Это была серьёзная мечта, не чета многим иным.
Она кивнула, найдя сил на улыбку.
“Я не пропаду с ней, – вдруг подумал Артём светло, благодарно и верно. – Я отблагодарю её за всё”.
Поели консервов.
Артём даже умылся.
– …Да и Бог, если он есть – он же всё равно сухопутный должен быть, а? – с середины своей мысли заговорил Артём. – Нет, он ходил по воде – но куда он так далеко пойдёт? Вода, ты говорила, десять градусов, а он босой. Зачем ему в чистое море отправляться, кого тут ловить, кроме двух дураков. Есть много мест в мире, где дураки обитают кучнее. Да?
– Да, – ответила Галя спокойно.
Всё-таки консервы – замечательная вещь. Говяжьи консервы с водкой.
Ноги ещё ничего не чувствовали, но внутри, под кожей, в жилах всё равно оставалась жизнь, Артём знал это.

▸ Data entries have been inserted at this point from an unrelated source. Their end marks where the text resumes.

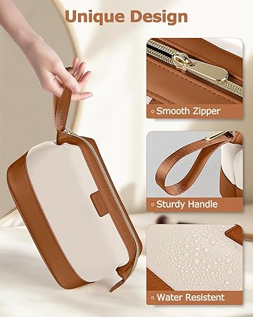 - High Qulaity Material: Made of soft and water-resistant PU leather, comfortable to touch and well protect your items, also easy to clean. The smooth zippiers and sturdy handle are ensuring the travel makeup bag long-lasting use.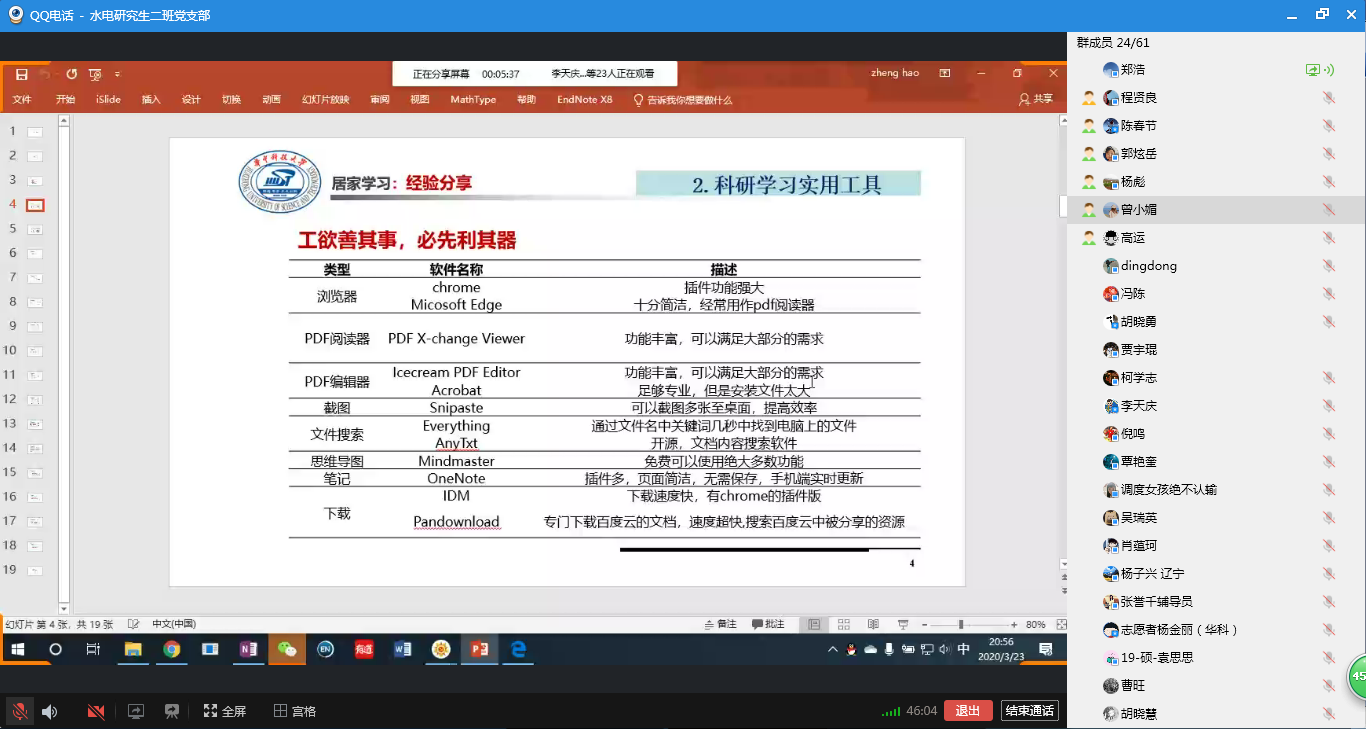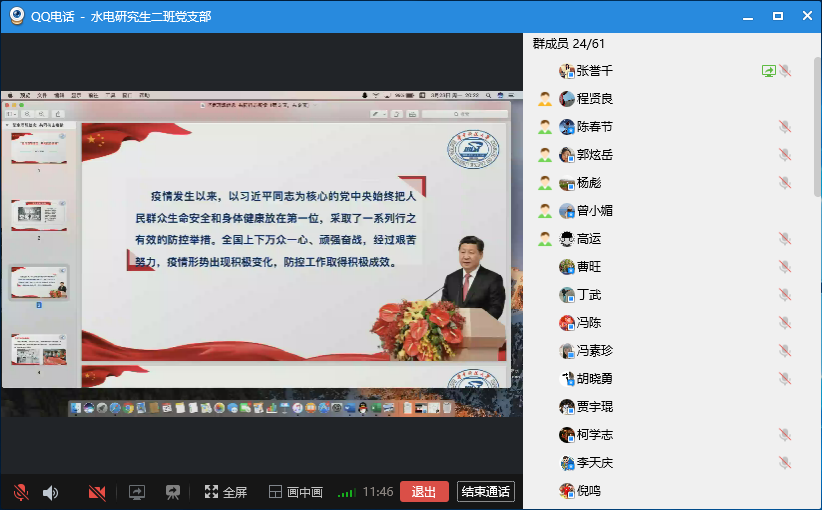3月23日组织生活会上,组织支部党员集中观看了习近平总书记考察湖北的相关视频,学习领会习总书记重要讲话精神,同时号召大家利用居家期间的空闲时间“读”抗击疫情优秀报道、爱国主义名篇佳作,并给出一些推荐书目。研究生辅导员张誉千讲授了以“坚定理想信念,共同抗击疫情”为主题的微党课,党员志愿者倪鸣分享了自己的志愿服务经历,博士生党员郑浩分享了居家科研学习的经验和建议。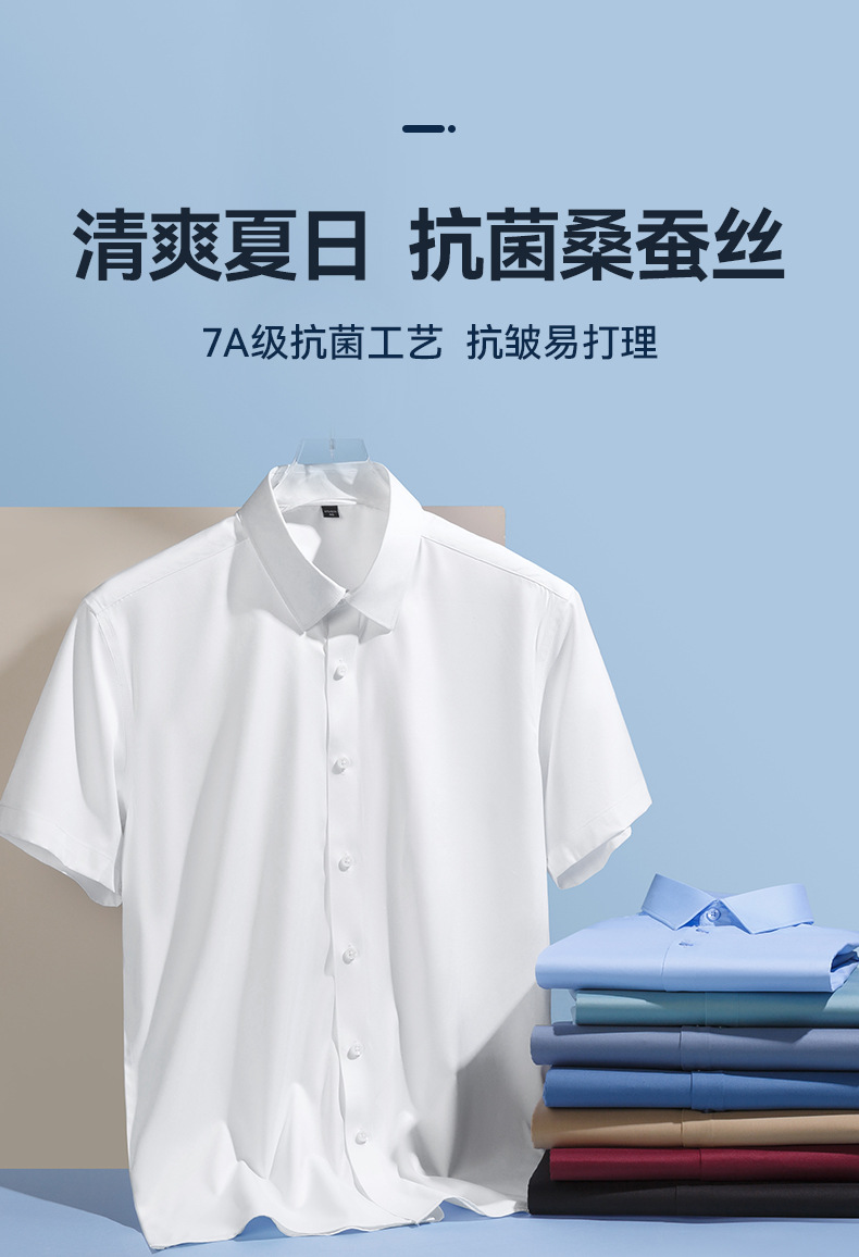 7A 항균 뽕나무 실크 반팔 남성용 셔츠 단색 전문 비즈니스 캐주얼 남성용 대나무 섬유 아이스 실크 셔츠스토어 가기

Он был свидетелем, как были убиты или погублены несколько близких ему людей: Афанасьев, владычка Иоанн… Это не отравило ему жизнь. Это не сделало пищу менее вкусной.
Артём немного подумал об этом, но внутри вкус консервов перебивал любое размышление.
“А если б твою мать убили?” – спросил он сам себя.
Вопрос был неприятный, докучливый, Артём не захотел и на него отвечать.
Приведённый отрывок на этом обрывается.